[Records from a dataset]
● ● ● ● ●
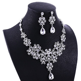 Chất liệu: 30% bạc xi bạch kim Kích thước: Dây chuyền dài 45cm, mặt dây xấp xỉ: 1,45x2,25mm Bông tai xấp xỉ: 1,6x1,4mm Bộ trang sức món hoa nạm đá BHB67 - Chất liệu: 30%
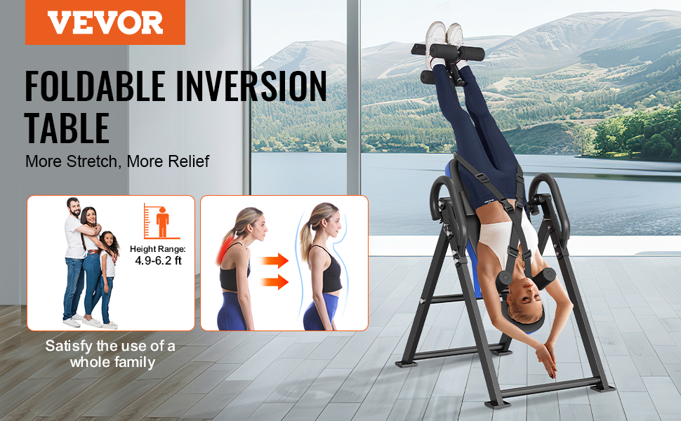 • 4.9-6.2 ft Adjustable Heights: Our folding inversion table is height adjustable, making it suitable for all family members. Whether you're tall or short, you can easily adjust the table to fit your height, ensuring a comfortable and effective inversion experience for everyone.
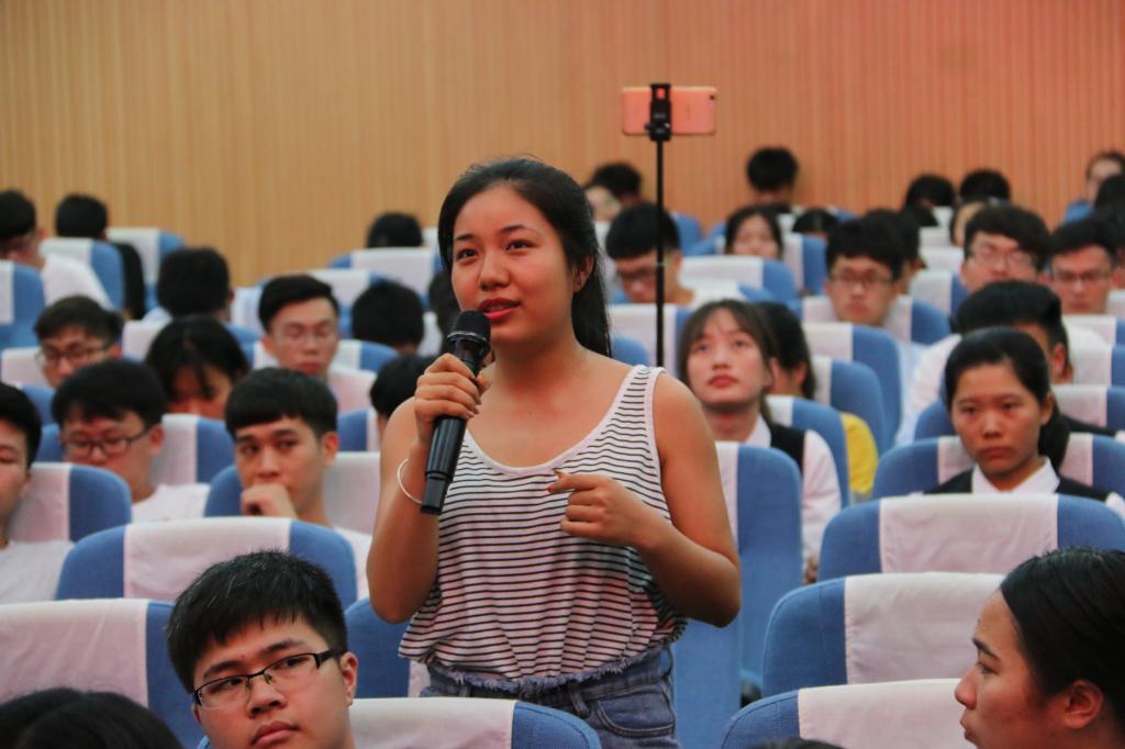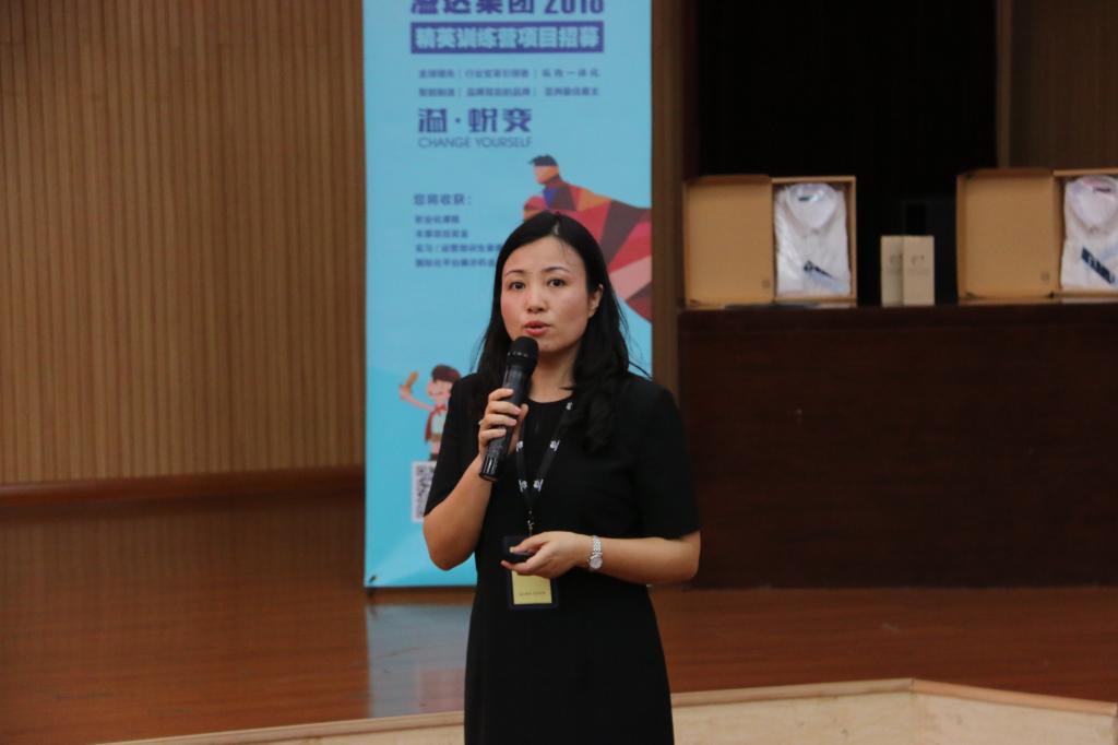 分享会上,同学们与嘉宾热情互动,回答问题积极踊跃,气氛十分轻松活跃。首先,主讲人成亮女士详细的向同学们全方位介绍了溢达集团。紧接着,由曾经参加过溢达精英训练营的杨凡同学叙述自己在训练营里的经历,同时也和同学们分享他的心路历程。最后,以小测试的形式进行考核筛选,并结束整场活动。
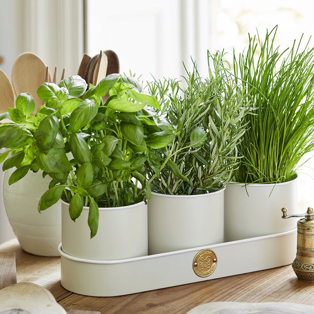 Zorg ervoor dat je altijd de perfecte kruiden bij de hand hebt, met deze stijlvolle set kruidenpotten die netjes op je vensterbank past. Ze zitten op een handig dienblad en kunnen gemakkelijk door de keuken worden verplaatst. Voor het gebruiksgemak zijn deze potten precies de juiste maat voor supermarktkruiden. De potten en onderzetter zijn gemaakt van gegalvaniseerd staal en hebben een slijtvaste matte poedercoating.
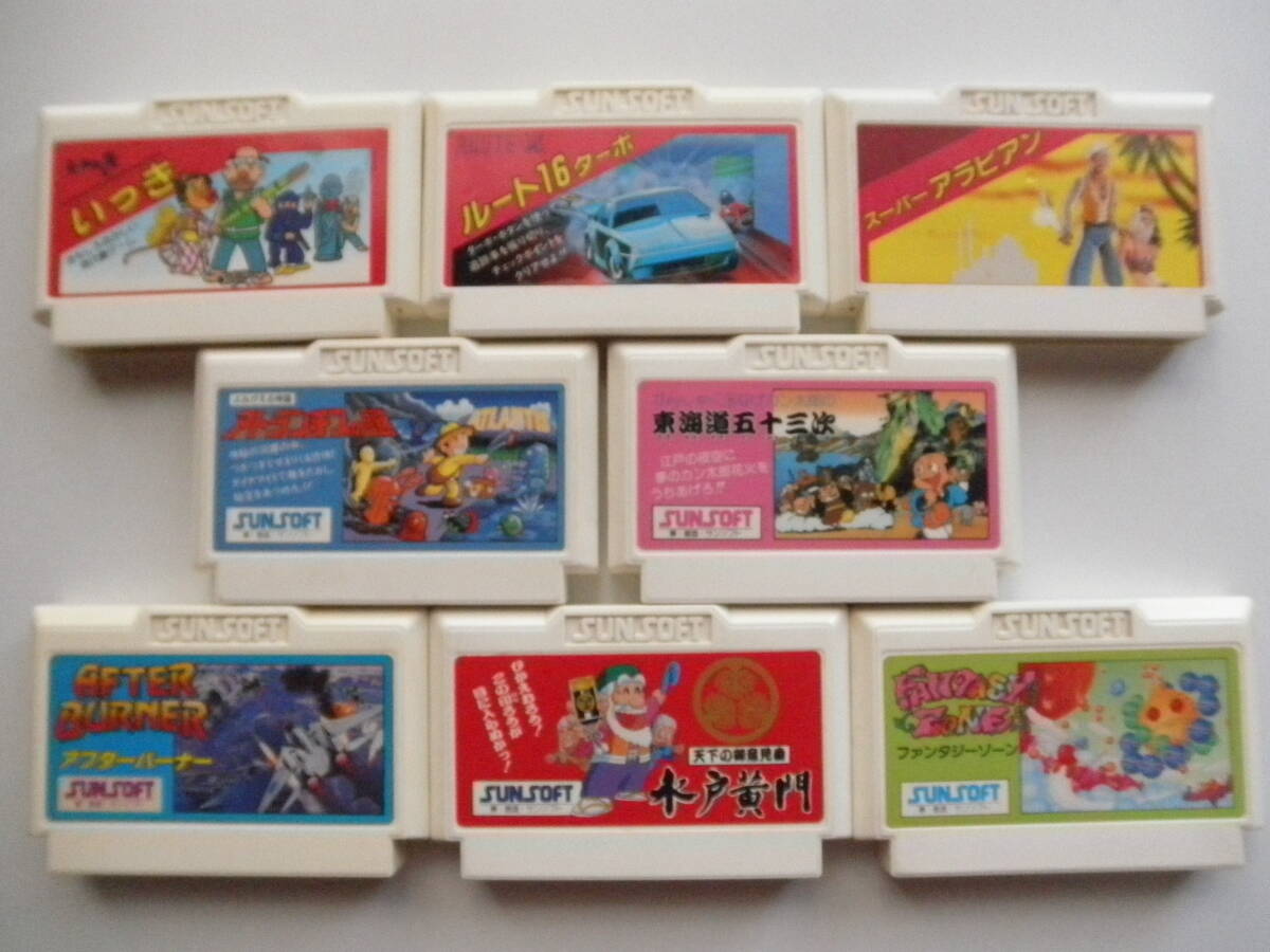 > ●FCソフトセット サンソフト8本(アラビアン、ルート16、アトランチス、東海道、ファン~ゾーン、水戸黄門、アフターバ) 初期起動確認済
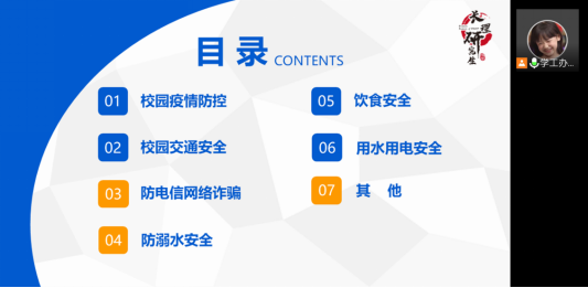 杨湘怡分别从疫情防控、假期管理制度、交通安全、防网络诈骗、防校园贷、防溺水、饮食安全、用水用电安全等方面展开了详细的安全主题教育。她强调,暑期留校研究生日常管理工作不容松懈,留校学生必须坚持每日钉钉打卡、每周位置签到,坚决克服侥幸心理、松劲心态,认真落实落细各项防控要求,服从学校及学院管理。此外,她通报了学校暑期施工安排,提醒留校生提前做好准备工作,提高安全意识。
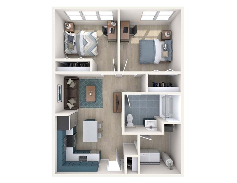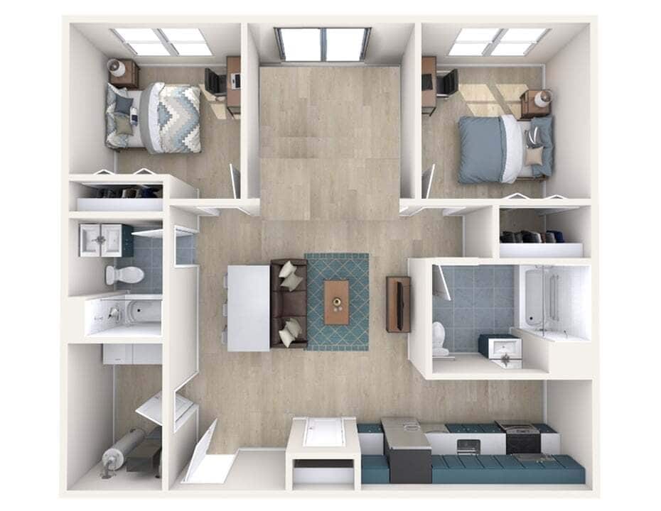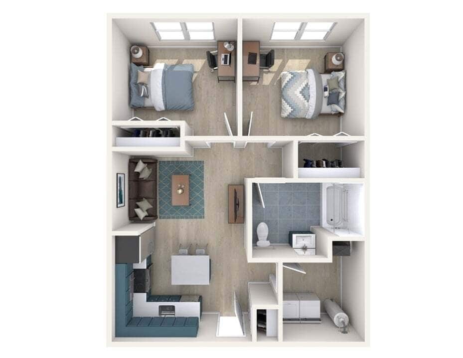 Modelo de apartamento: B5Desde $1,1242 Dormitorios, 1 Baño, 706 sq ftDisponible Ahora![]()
● ● ● ● ●
(About this exercise): Without including any picture, set down every line above exactly as it stands.

(Solution for this task):
 Chất liệu: 30% bạc xi bạch kim Kích thước: Dây chuyền dài 45cm, mặt dây xấp xỉ: 1,45x2,25mm Bông tai xấp xỉ: 1,6x1,4mm Bộ trang sức món hoa nạm đá BHB67 - Chất liệu: 30%
 • 4.9-6.2 ft Adjustable Heights: Our folding inversion table is height adjustable, making it suitable for all family members. Whether you're tall or short, you can easily adjust the table to fit your height, ensuring a comfortable and effective inversion experience for everyone.
 分享会上,同学们与嘉宾热情互动,回答问题积极踊跃,气氛十分轻松活跃。首先,主讲人成亮女士详细的向同学们全方位介绍了溢达集团。紧接着,由曾经参加过溢达精英训练营的杨凡同学叙述自己在训练营里的经历,同时也和同学们分享他的心路历程。最后,以小测试的形式进行考核筛选,并结束整场活动。
 Zorg ervoor dat je altijd de perfecte kruiden bij de hand hebt, met deze stijlvolle set kruidenpotten die netjes op je vensterbank past. Ze zitten op een handig dienblad en kunnen gemakkelijk door de keuken worden verplaatst. Voor het gebruiksgemak zijn deze potten precies de juiste maat voor supermarktkruiden. De potten en onderzetter zijn gemaakt van gegalvaniseerd staal en hebben een slijtvaste matte poedercoating.
 > ●FCソフトセット サンソフト8本(アラビアン、ルート16、アトランチス、東海道、ファン~ゾーン、水戸黄門、アフターバ) 初期起動確認済
 杨湘怡分别从疫情防控、假期管理制度、交通安全、防网络诈骗、防校园贷、防溺水、饮食安全、用水用电安全等方面展开了详细的安全主题教育。她强调,暑期留校研究生日常管理工作不容松懈,留校学生必须坚持每日钉钉打卡、每周位置签到,坚决克服侥幸心理、松劲心态,认真落实落细各项防控要求,服从学校及学院管理。此外,她通报了学校暑期施工安排,提醒留校生提前做好准备工作,提高安全意识。
 Modelo de apartamento: B5Desde $1,1242 Dormitorios, 1 Baño, 706 sq ftDisponible Ahora![]()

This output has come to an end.